Implementing place-based approaches

Place-based approaches take time and patience—they do not follow a traditional program or policy cycle.

In practice, place-based approaches are cyclical journeys that move at the ‘speed of trust’

Place-based approaches differ from traditional program or policy development processes: they focus more on building readiness and creating shared outcomes that will enable collaborative implementation.

Table 1 outlines a typical process of how a place-based approach might play out. However, this process is often not linear. Initiatives may cycle back to earlier phases to build readiness and shape a shared vision as new barriers are discovered or new partners come on board.

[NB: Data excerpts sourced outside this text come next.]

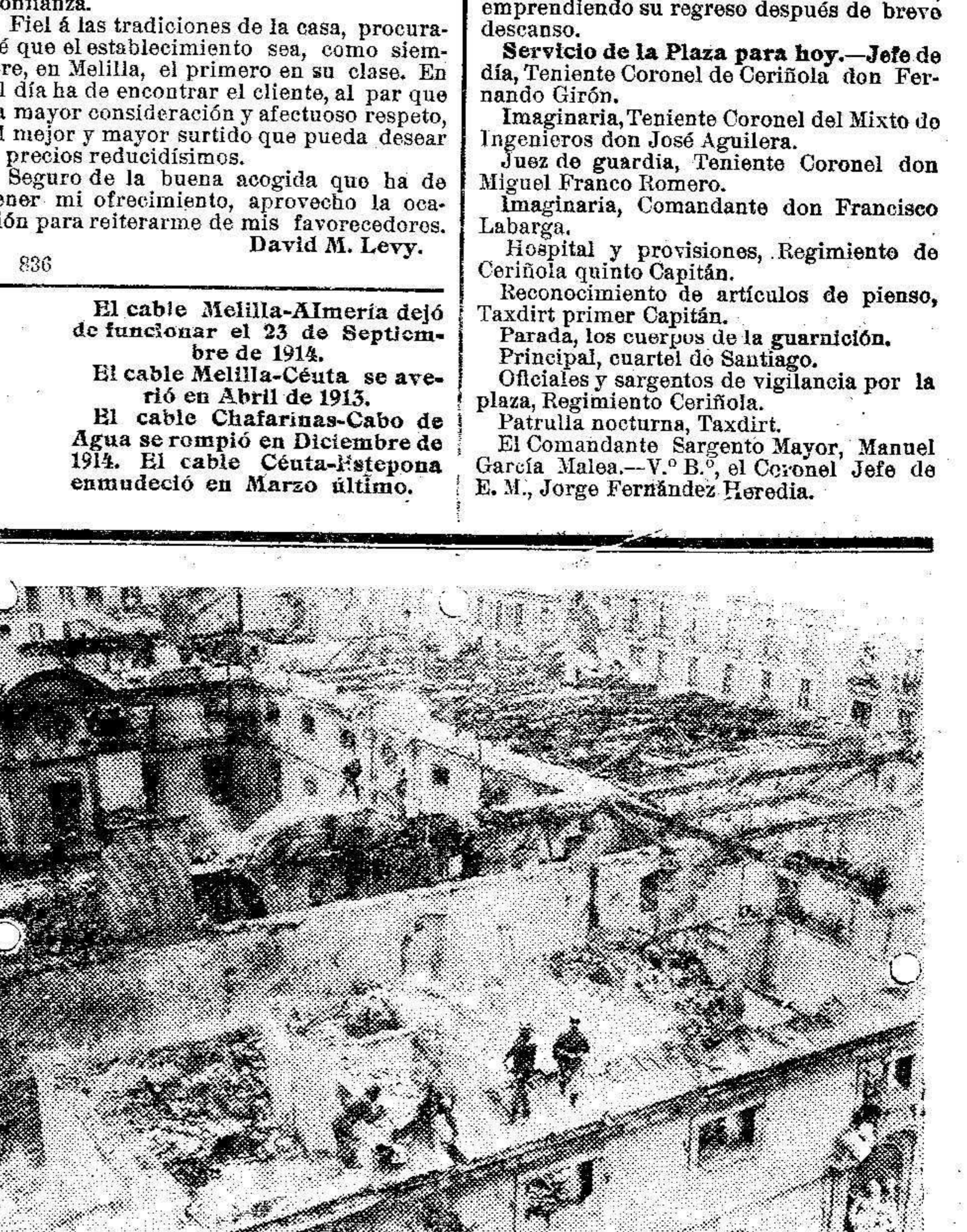
Vista general del edificio de las Salesas después del incendio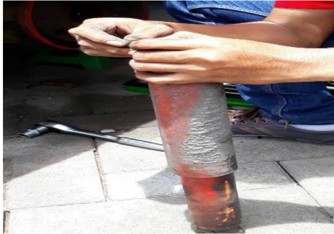
Gambar absorber belakang sebelum development

Absorber belakang sebelum dan sesudah development.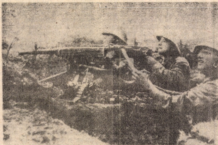
Ostași mitralieri în timpul luptelor pentru eliberarea părții de nord a Transilvaniei.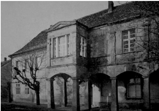
■ Gądów - pałac w latach 30- tych XX w.

Obok, w jednej linii zabudowy ze skrzydłem pałacu, znajduje się spichlerz z I połowy XIX wieku, murowany, otynkowany, dwukondygnacyjny z dachem naczółkowym. W kierunku południowym,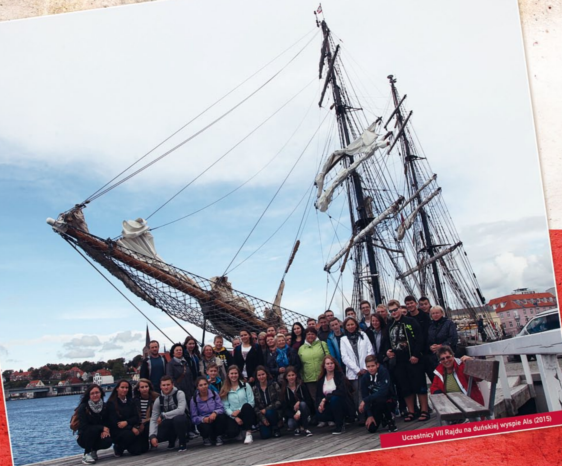
Uczestnicy VII Rajdu na duńskiej wyspie Als (2015)

Dom Kultury „Zacisze” w Dzielnicy Targówek i Zespół Szkół nr 41 w Warszawie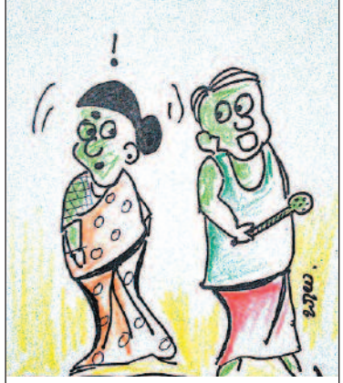
ದಿನಾ ನನ್ನ ಹತ್ತಿರ ಜಗಳವಾಡುವ ಬದಲು, ಭಾರತದ ಗಡಿಗೆ ಹೋಗಿ ಉಗ್ರರ ಜತೆ ಗುದ್ದಾಡು ನೋಡೋಣ!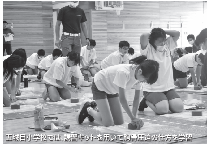
五城目小学校では、講習キットを用いて胸骨圧迫の仕方を学習

9月8日に五城目小で、10月4日に五城目一中でそれぞれ応急手当講習を行いました。当日は町消防本部の職員が講師となり、目の前で救命措置が必要な人が現れた場合の、心肺蘇生のための胸骨圧迫の仕方やAED(自動体外式除細動器)※の使用方法を指導しました。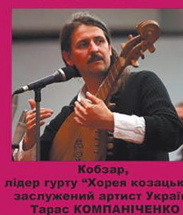
Кобзар, лідер гурту "Хоря козацька", заслужений артист України Тарас СИЛЕНКО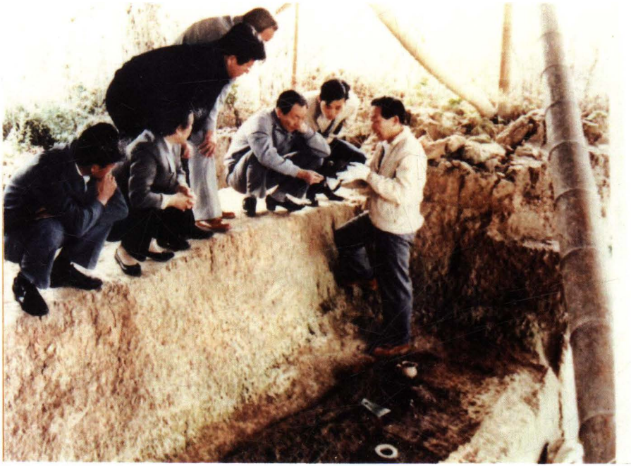
1988年10月13日，上海市市长朱镕基（右三）率领市委领导杨堤、吴邦国、曾庆红等一行，视察福泉山古文化遗址。图为他们正在一座良渚文化大墓坑旁，实地查看该墓出土文物时的情景。

Furthermore, because place-based approaches often start within community, government may later join the process. For example, government might become engaged when community has developed a shared vision for change and is starting to plan for the resources and skills they will need to make it happen.

This is especially true of enabling responses, and requires us as government to focus on supporting initiatives, rather than shaping them.

Table 1: Typical process for developing and implementing a place-based approach

1. Identify if a community would benefit from a
place-based approach
Use in-depth local knowledge to assess if a place-based approach would be an appropriate response to local opportunities or challenges.
2. Assess
readiness
Assess if a community is ready to or is already self-mobilising around an opportunity or issue, and if government is able to meaningfully contribute. This considers if the required resources, leadership, connections and mindsets exist—or if they could be built.
3. Develop a shared vision for change All community members and organisations with an interest come together to identify the change they want to make in the community. This is articulated with clear outcomes, measures of progress and impact and a plan for making it happen.
4. Implement together Local partners work with government and other organisations, such as business and philanthropy, to resource and implement the plan. A local collaborative governance group oversees the implementation and has the ability to make changes.
5. Embed a culture of learning and continual improvement All partners embed a culture of learning to bring in new ideas and keep the initiative effective and relevant. Evaluation enables them to assess if work is progressing shared outcomes, learn from failures and consider how practice and policy changes can be embedded into their organisations over the long term.
6. Celebrate and communicate success Everyone should be supportive of each other and ensure achievements are recognised
and celebrated.

The cyclical nature of this process, and the fact that place-based approaches are often responding to complex or intersecting factors, means the timeframe in which you would expect to see impacts may also differ from a traditional program.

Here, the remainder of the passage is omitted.